Director Gavin O’Connor has built his career and his best films around the drama of people whose lives are dedicated to sports. His best films, like Miracle and Warrior, center their drama on how characters use sports to improve themselves or make a statement. With his newest Ben Affleck-led film, The Way Back, he tells the story of how one man comes to terms with his alcoholism by becoming a high school basketball coach.
Violence/Scary Images: Some minor brawling. There’s a car accident. A character tumbles down a hill.
Language/Crude Humor: Severe language throughout including f*** and s***.
Drug/Alcohol References: The main character is an alcoholic who consumes enormous quantities of beer. He also smokes.
Sexual Content: Noting depicted. Crude discussion of sex at a bar.
Spiritual Content: The character is a teacher at a Catholic school and are implicitly Catholic or ex-Catholic.
Other Negative Content: Excessive depiction of alcoholism and a lack of rage control.
Positive Content: Themes of emotional growth, coming to terms with past trauma, and seeking emotional health.
Jack Cunningham has had a rough life. After growing up with an estranged relationship with his father, he abandoned a basketball scholarship, lost his child to cancer, and divorced his wife. When we meet him in the story, Jack is a construction worker whose best days are behind him, filling his terrible evenings in by drinking excessively.

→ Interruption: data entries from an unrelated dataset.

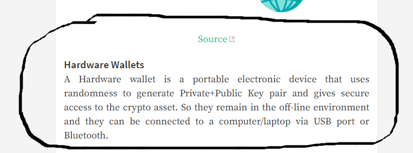 A Hardware wallet is a portable electronic device that uses randomness to generate Private+Public Key pair and gives secure access to the crypto asset. So they remain in the off-line environment and they can be connected to a computer/laptop via USB port or Bluetooth.
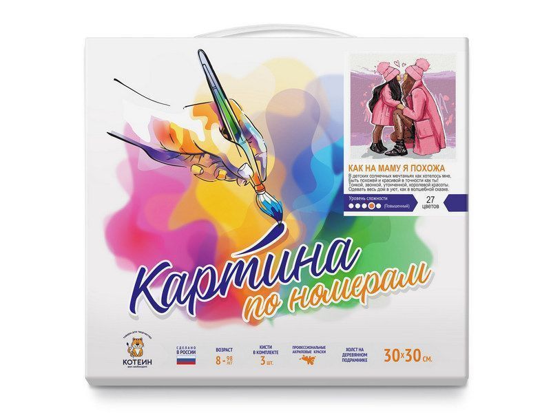 Картина по номерам 30Х30 КАК НА МАМУ Я ПОХОЖА (27 цветов)
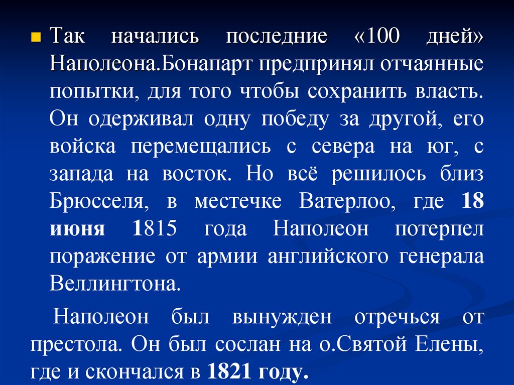 престола. Он был сослан на о.Святой Елены,

In one of the film’s earliest scenes, he spends an evening debating how to turn down a job offer and downs over two dozen beers. Jack is an alcoholic. He can’t even go for a car ride without cracking a beer. Against his initial inclinations, Jack takes up the job offer he spent an entire evening debating how to turn down. He decides to return to the Catholic school where he gained his reputation as one of the school’s best varsity basketball players in order to coach.
The Way Back is a heavy movie. Any movie that begins with a character in a state of such utter despondency that he does nothing but drink isn’t setting itself up as a terribly happy story. It is however a solid sports movie with a redemptive drama at its core. As such, despite relatively falling under the radar, it’s quietly developed a reputation as one of the better films to have been released so far this year.
I should say that I don’t particularly care for sports. There are sports movies I like such as Draft Day, Million Dollar Baby and Cinderella Man, but the sporting aspects of these films aren’t usually what I find most interesting about them. More often than not, an interesting sports movie is driven by the conflicts of the characters and how their sports careers affect their complicated lives. Thus why last year’s High Flying Bird left me kind of lost. I can understand a movie trying to explore the complex emotions of black college basketball players on strike but it loses its story in the minutia of basketball logistics.
Thankfully The Way Back is more of the former than the latter. I won’t say it’s the most engaging or emotionally wrenching exploration of these themes I’ve seen. Gavin O’Connor’s movies tend to leave me somewhat cold, as was the case with his conceptually amusing, if half-hearted, action film The Accountant. His 2004 Kurt Russell sports film, Miracle, did a great deal more for me if only because it carried some interesting Cold War history into its premise. While I can’t say The Way Back is the most intensely interesting sports movie I’ve seen, what we do get on screen is an engaging, dramatic film with a heavy atmosphere and strong performances all around.
As a story, alcoholism and basketball end up being good catalysts for what the story is really about: how Jack processes his depression. Is he going to bury his emotions and self destruct, or build new relationships with others and claw his way out of his own personal hell? Jack has spent his entire life basing his own identity and self-worth on other people’s willingness to love him and when they don’t show up, he shuts down. When his father only gave him attention in his adolescence for his basketball abilities, he realized his father would never truly love him for being himself. When he lost his child, he lost the one person in his life who would unconditionally love him no matter what. Alcohol seems to be his own coping mechanism and he downs beer intensely to bury his grief.
In a conversation early in the film, he finds himself on a bus with a priest who scolds him for his inability to reign in his language during a basketball game between two Catholic schools. Jack snidely responds that he doesn’t think God would “give a s***” what he has to say on the basketball court. The priest calls back that it doesn’t matter, because the point of his job is to help foster these teens into responsible young men. His temper quickly begins reflecting on the students who start screaming back at him, swearing and throwing basketballs.
As Jack learns to commit himself to the team, he begins to foster something great and he starts healing. He even starts drinking less as he becomes more emotionally invested in the team. While a great deal more happens by the conclusion of the film, the path he sets himself upon ends up being one of growing and developing into the ability to admit he isn’t okay. Only then is he capable of taking his first steps in his new life, and in doing so he proves to inspire the people around him to better themselves as well.
The Way Back can be a bit heavy and hard on the ears, but in rooting its story on one man coming to terms with his torment it does manage to develop into something mature and entertaining. I won’t call it a fun watch given the subject matter, but it is a film worth catching if you missed it during its theatrical run. For all its rough exterior, this is a movie that understands what it means to overcome extreme grief and build yourself into something better.